Chi lo dice? Il pm dell’inchiesta sulla presunta trattativa Stato-mafia

Totò Riina in questi ultimi anni sembra loquace. Parla in codice con tutti: detenuti, europarlamentari, agenti della polizia penitenziaria, magistrati. Minaccia, nega, ritratta, lancia anatemi e prega Dio. Eppure è in una cella d’isolamento dal 15 gennaio 1993, giorno del suo arresto. Ma è sempre lui, il capo dei capi a comandare l’organizzazione criminale con quell’alfabeto del male. Oggi la notizia delle sue intimidazioni, consegnate come sfogo a un detenuto dal carcere di Opera, nei confronti del pm Antonio Di Matteo, magistrato di punta dell’inchiesta sulla presunta trattativa Stato-mafia, destano scalpore e allarme. La maledizione del boss, "Di Matteo deve morire, e con lui tutti i pm della trattativa", fa attivare il codice rosso di tutte le istituzioni, perché Riina è il capo dei Capi e non va mai sottovalutato. 

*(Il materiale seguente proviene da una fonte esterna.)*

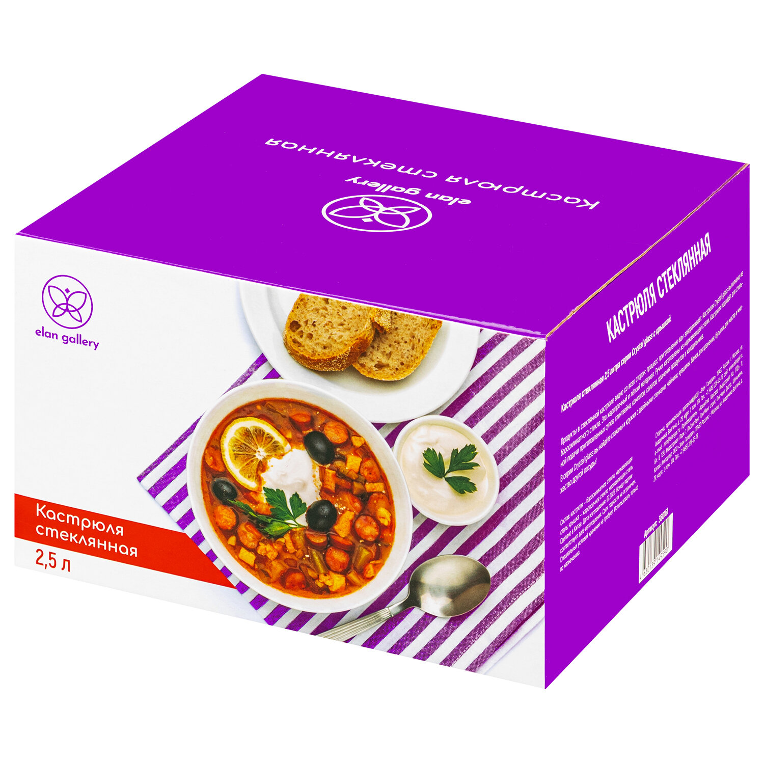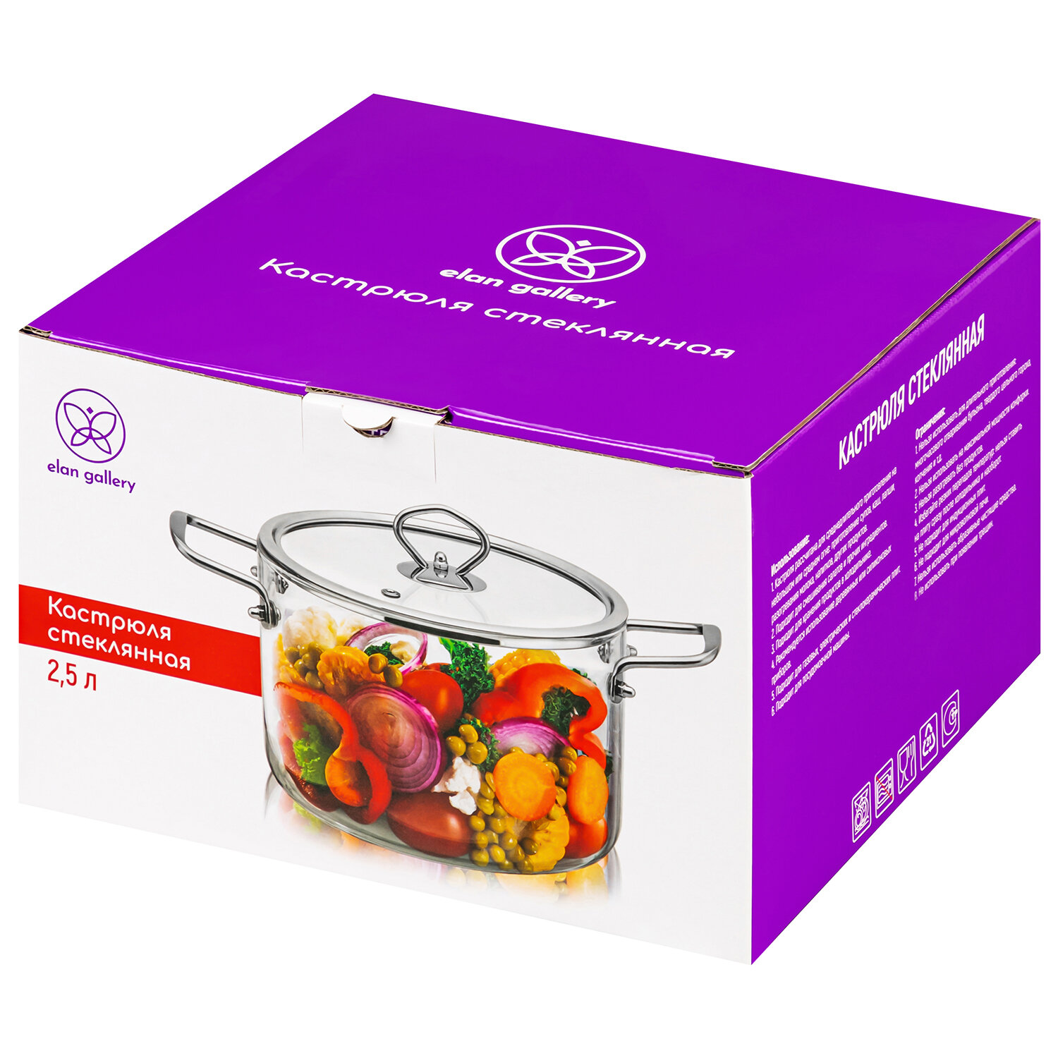 Купить Кастрюля стеклянная жаропрочная 2,5 л Elan Gallery "Crystal glass" 30*20*14,5 см, с крышкой

Eppure c’è caos, disordine e corto circuito istituzionale e giudiziario.  Si rimane disorientati per esempio ad ascoltare le parole di un magistrato, che ha un alto onore e un doveroso senso di responsabilità istituzionale, quando intervenendo sul tema della legalità, a Corleone, patria dei boss Riina, Provenzano e Bagarella, proprio nel giorno della ricorrenza della cattura del boss di Cosa nostra, dichiara che "l’arresto di Riina, è lo specchietto per le allodole". Sono parole dette a gennaio scorso dal procuratore aggiunto Vittorio Teresi, successore di Antonio Ingroia, al processo sulla trattativa Stato-mafia che si sta celebrando in corte d’Assise a Palermo, durante il tour della legalità dal titolo "Totò Riina, venti anni dopo". Teresi in quell’assise dichiarava anche che "l’arresto di Riina fa parte di quell’accordo probabilmente dello Stato-mafia che vuole trovare un momento, ancora una volta un equilibrio di convivenza, fra due poteri che agiscono sullo stesso territorio". 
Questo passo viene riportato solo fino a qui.